KANSAS CITY, Mo. — Kelly Services, a staffing company that helps school districts staff substitute teachers, is seeing a concerning series of trends as COVID-19 cases surge throughout the Kansas City area.
"We have some school districts that are having more challenges than others. But in general, we typically run in...Kansas, Missouri, we're running about 80% fill rates right now," said Keith Elliott, regional vice president of Kelly Services who oversees operations in both of those states.
Recent data from districts on both sides of the state line track with the trend of staff shortages and a shortage of substitute teachers.
Kearney is reporting more than a dozen teachers and staff in quarantine, while the Shawnee Mission School District reports more than 70 staffers in quarantine. At Blue Valley's most recent board of education meeting, they said they had one day of 77 substitute requests, with 12 unable to be filled due to a lack of availability.
"As we moved into November, and cases have started to increase, we've seen a little bit more hesitancy from folks wanting to work," Elliott said regarding substitute teaching availability. "A decent percentage of our substitute teachers are retired teachers, which, as I'm sure you know, put some kind of in that more high-risk category."
Teachers may also be wary of the stress involved in the job.
"That's difficult to really convey how much stress there is put on the teachers and it's not just the substitute teachers, it's...the everyday teachers, the teachers that are being asked to cover additional classrooms or losing a plan period or different things like that that have made a change to the way they operate," Elliott explained. "I know I've heard other people say this too, and I feel like, you know, the healthcare workers out there, you know, heroes, frontline heroes, and I feel like our substitute teachers and the teachers that are out there, keeping the kids in school. Heroes as well. I mean really doing work that's important right now and, and yeah it is stretching them."
Elliott said the need for new substitute teachers is paramount during the pandemic.
"Missouri has recently added a new training program that allows teachers to or allows people to become a substitute teacher if they take an online training course that's 20 hours long.
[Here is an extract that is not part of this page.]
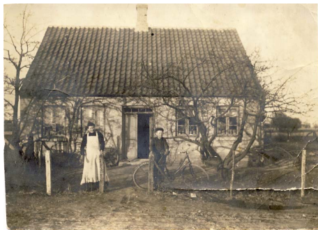
Bedsteforældres hus - Skomager

Far var uheldig på fabrikken og mistede et led på to fingre i en arbejdsulykke og forsikringen betalte erstatning på kr. 3000,-. Far købte så en nedlagt pigeskole med bindingsværk fra ca. 1780, som bestod af to huse, to WC'er og pissoir i gården. Baghuset lejede vi ud til uldgyder, omrejsende artister, fotografer og lignende. Et værelse koste fem kroner om ugen; men så var der også varmt vand til barbering, varme fra kakkelovn og af og til lavede mor kaffe til dem. Der var også et lille kammer, der kun kostede 2,50 krone pr. uge.

The focus is more on things like classroom management, how to de-escalate situations," he said.
Kelly Services also noted a 30% year-to-year decline in recruitment for substitutes, and Elliott noted that the pandemic has exposed another concerning national education trend.
"The pandemic has definitely had an effect on the teacher shortage because, again, it's driving down just interest in becoming a teacher in general at this point, you know, but prior to that there had already been challenges finding teachers," Elliott said. "A lot of our substitutes have been used in what we call vacancy positions, so if a school is not able to get a teacher hired in the full-time capacity then our substitute goes in and covers that job until they are able to get somebody hired. So we'll still have opportunities for subs, you know, if schools do go into that virtual environment, but they will be there will be less opportunities for substitutes if they do go that direction."